Given entries:
+++++
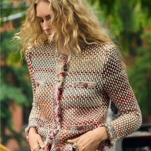 Veronica Beard Sariyah Knit Jacket Fringe Crest Buttons Current Style Size Small
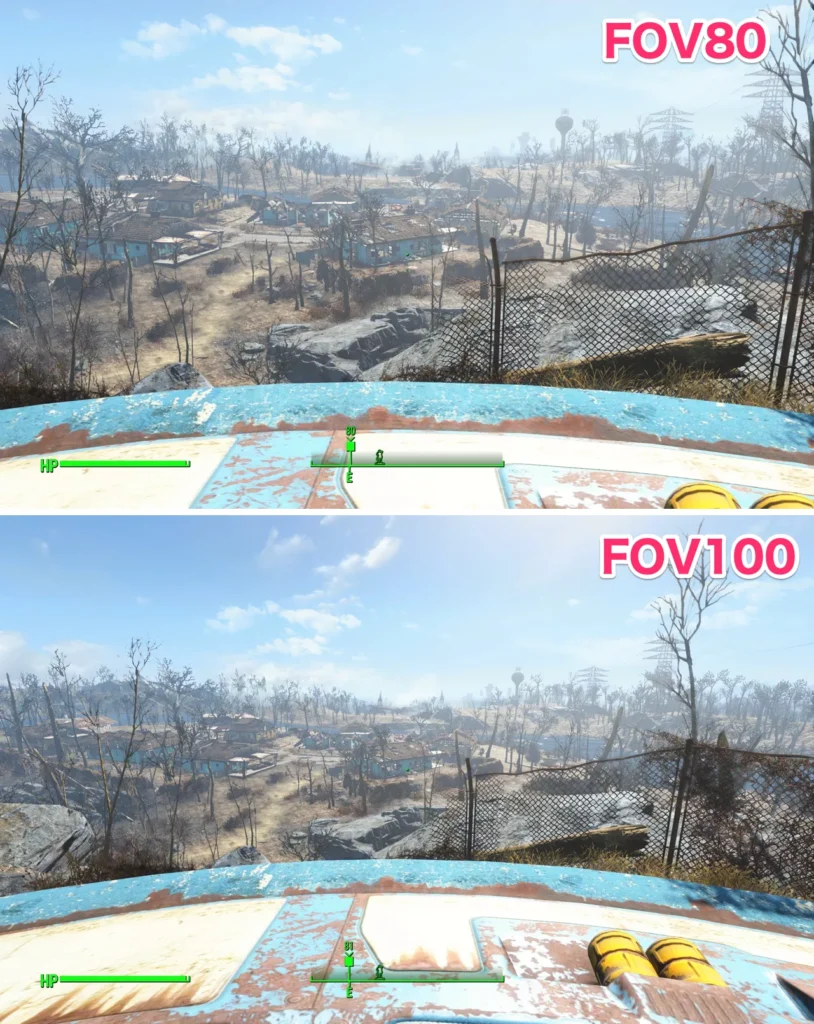 ゲームをスタートしてすぐ、Vault111から出たときで比較してみました。デフォルトのFOV80に比べ、FOV100だと一歩引いた視点でより広く前方が見えているのが分かると思います。
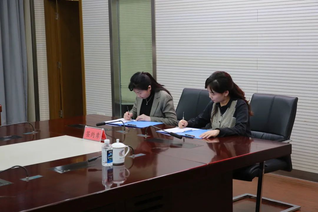 执行院长赵一红(左)与长阳镇副镇长曾佼佼(右)签署“双基地”建设合作协议书
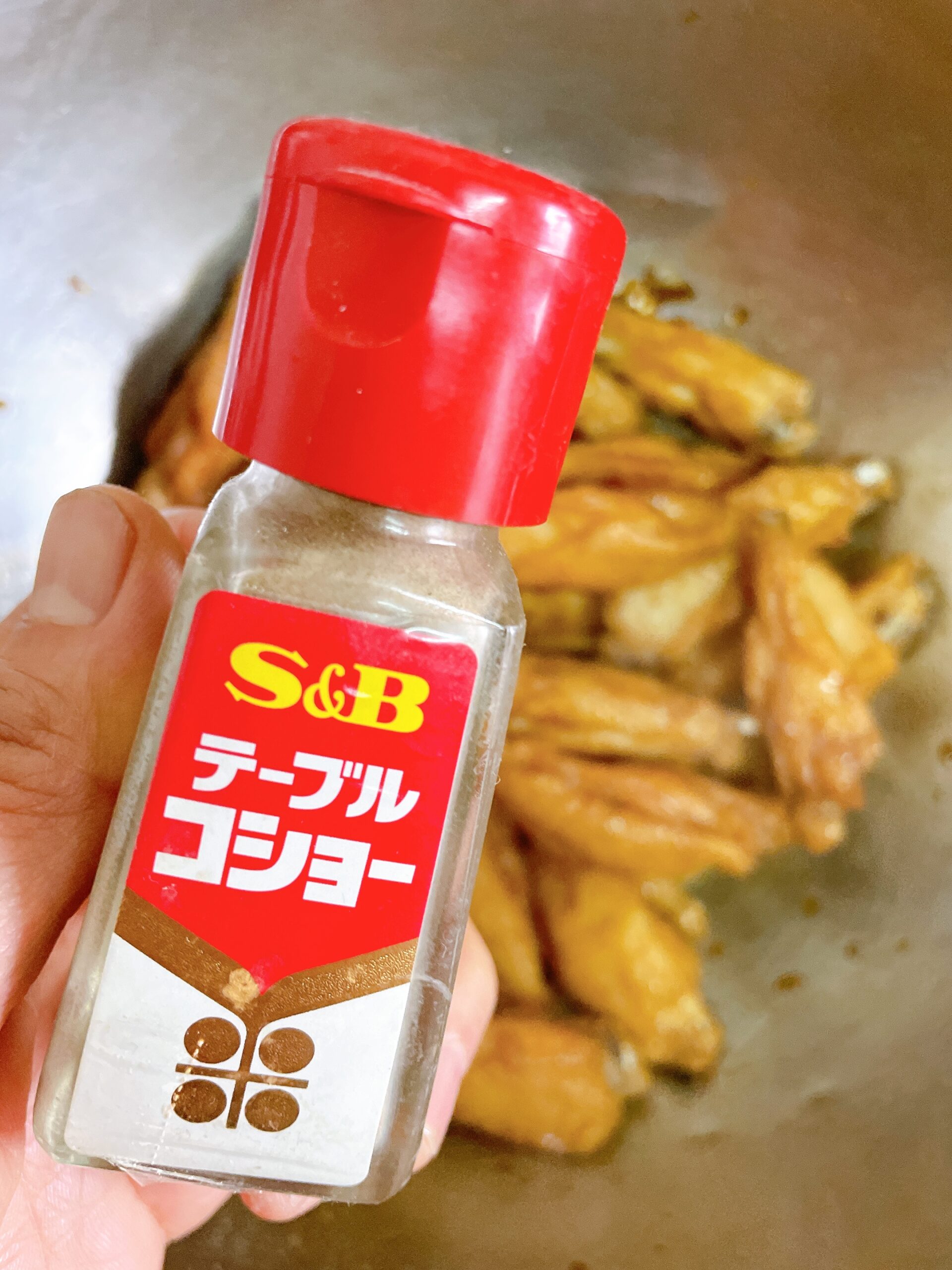 ⑤最後に揚がった手羽先に先ほどのタレを全体にまんべんなく回しかけます。仕上げにコショウ(スーパーで売っているテーブルコショウがおすすめです)をたっぷりふりかけ完成です。
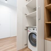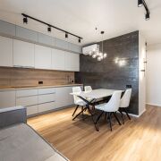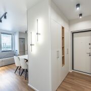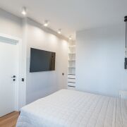 Дизайнерский ремонт здесь не для галочки. Здесь всё продумано до мелочей: каждая розетка на своём месте, каждая текстура подобрана так, чтобы рука хотела прикоснуться. Ремонт в постельных тонах — нежные оттенки льна, капучино из утреннего тумана — обволакивает тебя, как мягкое одеяло, обнимают а не давят.
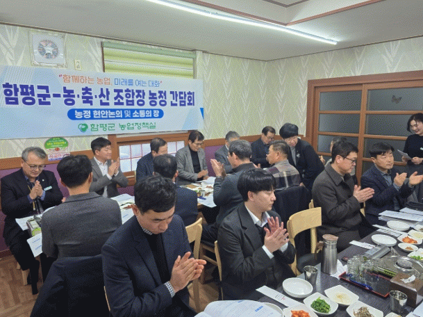 함평군은 24일 “농‧축‧산 농정 간담회가 지난 22일 관내 식당에서 성공적으로 마무리됐다”고 밝혔다.
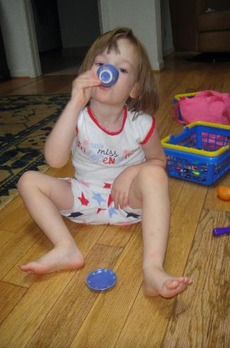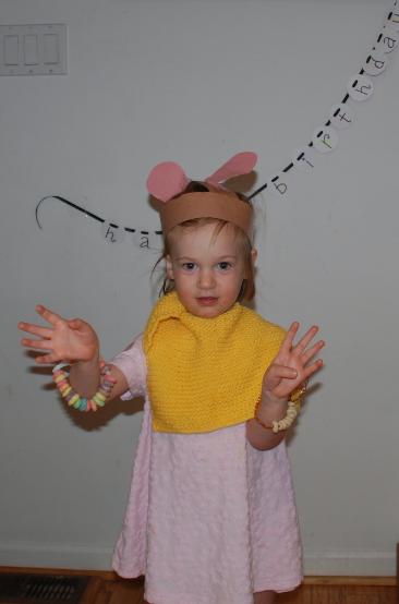 Showing off her puppy ears, her birthday
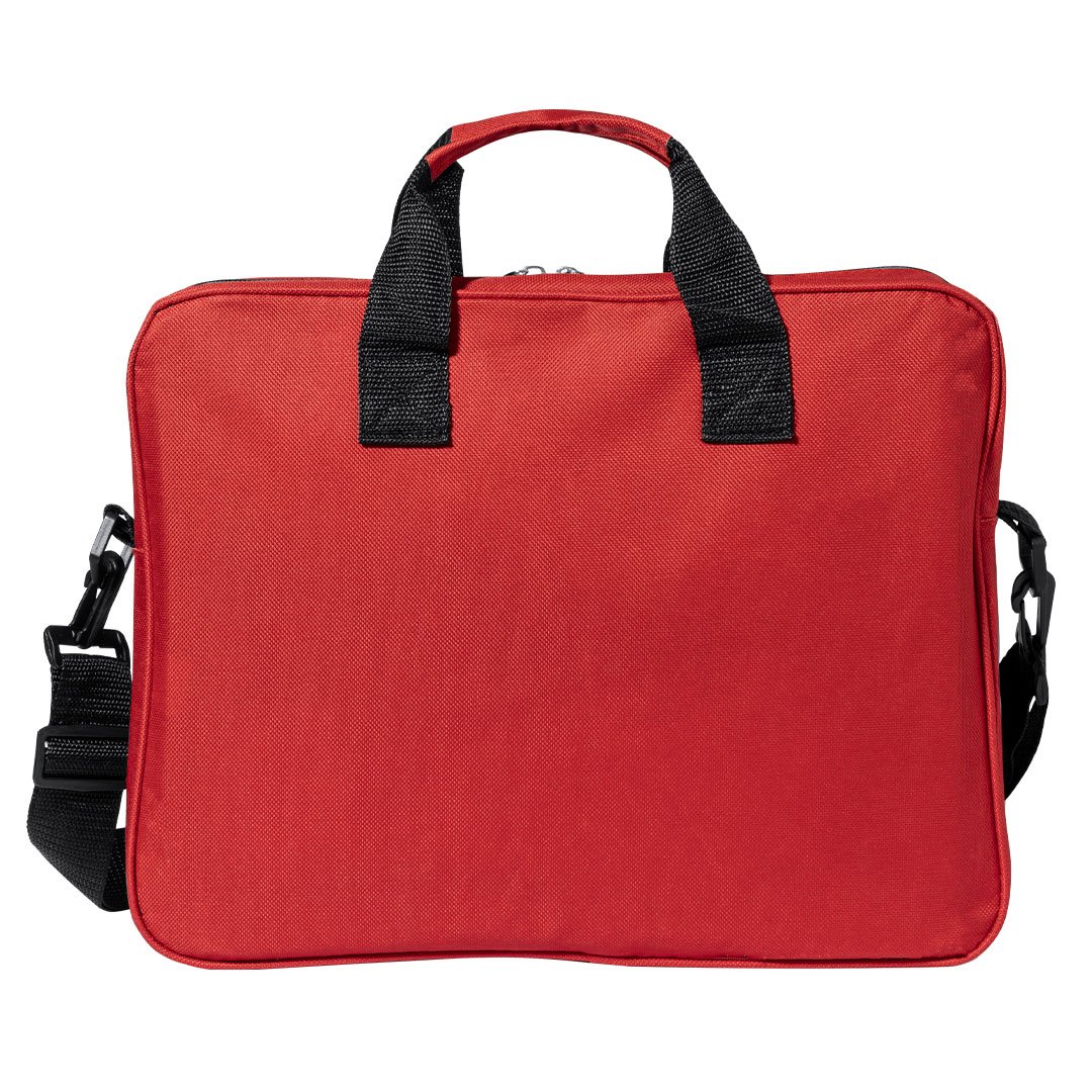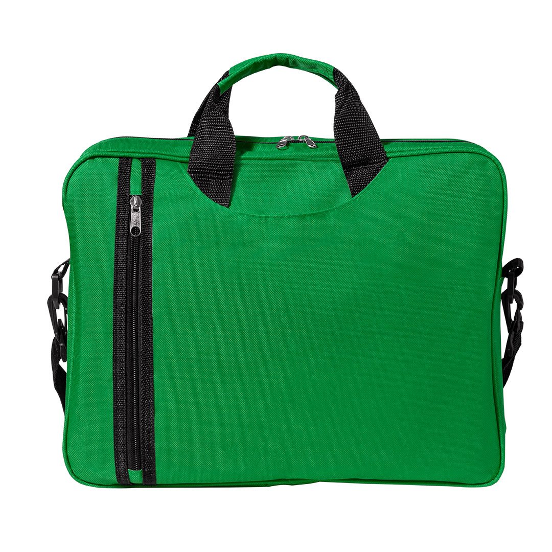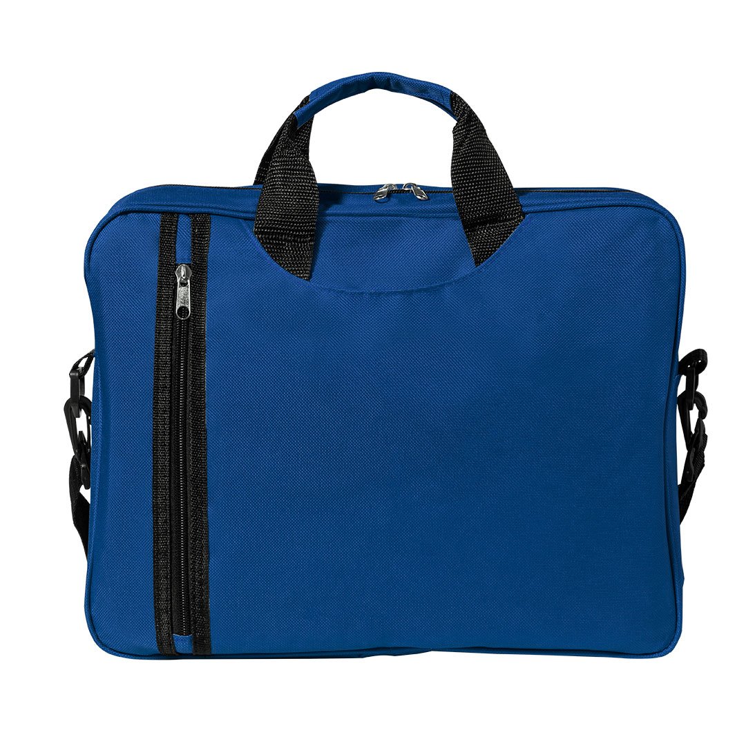 Sacoche porte-documents à fermeture zippée avec poche originale verticale sur le devant et compartiment sous les poignées en polyester doux 600D. Proposée en différents coloris. Poignées de transport renforcées assorties et bandoulière réglable avec fermetures par mousqueton.
+++++
Your instructions:
Copy every record exactly, dropping the images.

Output for this exercise:
 Veronica Beard Sariyah Knit Jacket Fringe Crest Buttons Current Style Size Small
 ゲームをスタートしてすぐ、Vault111から出たときで比較してみました。デフォルトのFOV80に比べ、FOV100だと一歩引いた視点でより広く前方が見えているのが分かると思います。
 执行院长赵一红(左)与长阳镇副镇长曾佼佼(右)签署“双基地”建设合作协议书
 ⑤最後に揚がった手羽先に先ほどのタレを全体にまんべんなく回しかけます。仕上げにコショウ(スーパーで売っているテーブルコショウがおすすめです)をたっぷりふりかけ完成です。
 Дизайнерский ремонт здесь не для галочки. Здесь всё продумано до мелочей: каждая розетка на своём месте, каждая текстура подобрана так, чтобы рука хотела прикоснуться. Ремонт в постельных тонах — нежные оттенки льна, капучино из утреннего тумана — обволакивает тебя, как мягкое одеяло, обнимают а не давят.
 함평군은 24일 “농‧축‧산 농정 간담회가 지난 22일 관내 식당에서 성공적으로 마무리됐다”고 밝혔다.
 Showing off her puppy ears, her birthday
 Sacoche porte-documents à fermeture zippée avec poche originale verticale sur le devant et compartiment sous les poignées en polyester doux 600D. Proposée en différents coloris. Poignées de transport renforcées assorties et bandoulière réglable avec fermetures par mousqueton.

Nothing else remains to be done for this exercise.